Ieri Palazzo Chigi elencava in una nota i passi del ministero degli Esteri e della Difesa per ottenere una soluzione ribadendo che «il governo italiano non può d'altra parte sostenere alcuna azione che si traduca in favoreggiamento del fenomeno della pirateria». In passato, però, soprattutto per liberare giornalisti oppure operatori umanitari, si è fatto molto di più utilizzando anche fondi riservati dei servizi segreti. In realtà nella legge sul terrorismo e la pirateria non sarebbe esplicitamente vietato il pagamento di riscatti. Neppure gli Stati Uniti e l'Inghilterra, notoriamente Paesi "duri", proibiscono di pagare. Non a caso gli accordi per liberare le navi avvengono attraverso studi legali di Londra.

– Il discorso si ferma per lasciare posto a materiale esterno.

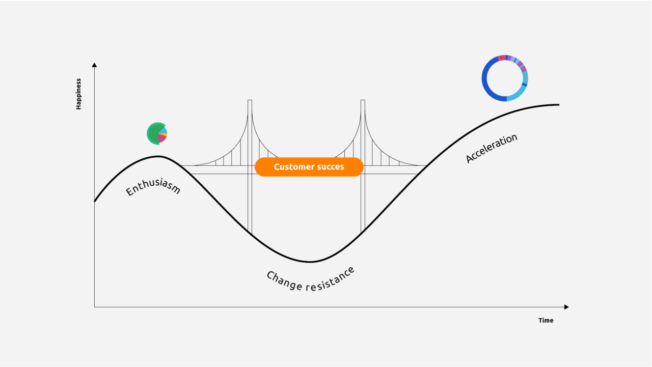 - Journée de lancement : Au cours de cette journée, nous impliquons les collaborateurs de votre choix. Ils rencontrent le Customer Success Professional, peuvent poser des questions et discutent de divers sujets, comme l'automatisation, les options de contrôle, l'impact sur le travail, l'accompagnement dans l'implémentation, la différence entre Customer Success et Customer Support, etc.

Per gli ostaggi, senza sfociare nel «favoreggiamento della pirateria», c'è spazio di manovra, se non ci si fossilizza su atteggiamenti burocratici. Per questo Bon si rivolge direttamente a Berlusconi: «Come capo del governo lei è l'ultima speranza per salvare gli ostaggi, che si stanno spegnendo nelle mani dei pirati. Parli con l'armatore, che nessuno sembra riuscire a contattare, e trovi il modo di salvare la vita ai nostri figli dando disposizioni a tutti gli organi dello Stato d'intervenire per una soluzione».

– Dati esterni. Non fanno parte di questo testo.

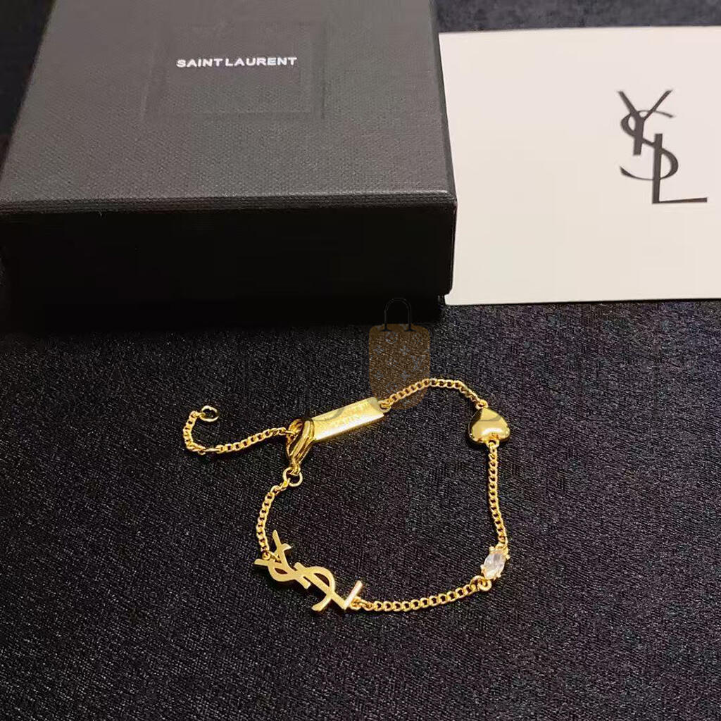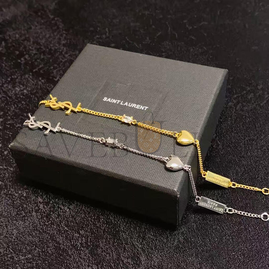 YSL CASSANDRE HEART CHARM BRACELET IN METAL AND RHINESTONE 701950Y15269137

Le cinque famiglie degli ostaggi della Savina, sottolinea il padre del primo ufficiale di coperta nell'appello a Berlusconi, si sono «rivolti (...) al Papa, al presidente Napolitano, ai ministeri preposti, ai politici, fino ai più alti livelli, ai suoi amici e ai suoi nemici, credendo che tutti dovessero contribuire per salvare delle vite».
A Trieste, Procida e Pian di Sorrento città originarie degli ostaggi, migliaia di persone hanno manifestato, in maniera composta e silenziosa, con la parola d'ordine «liberi subito». «Sappiamo che il governo chiede il silenzio stampa - scrive Bon - ma dopo sette mesi di pazienza, senza risultati concreti, (...) la fiducia nelle istituzioni ha raggiunto il livello più basso. (..) Non possiamo continuare a tacere, tanto meno in uno Stato democratico».
Giovedì scorso anche altri ostaggi dei pirati hanno chiamato a casa facendo sprofondare nell'angoscia le famiglie.

Il figlio di Nicola Verrecchia, direttore di macchina, ha raccontato come il padre parlasse lentamente, singhiozzando. Gli ha detto che aveva il corpo coperto di lividi, che gli ostaggi sono stati picchiati, legati mani e piedi sul ponte sotto il sole, con nulla da mangiare e acqua solo salmastra da bere.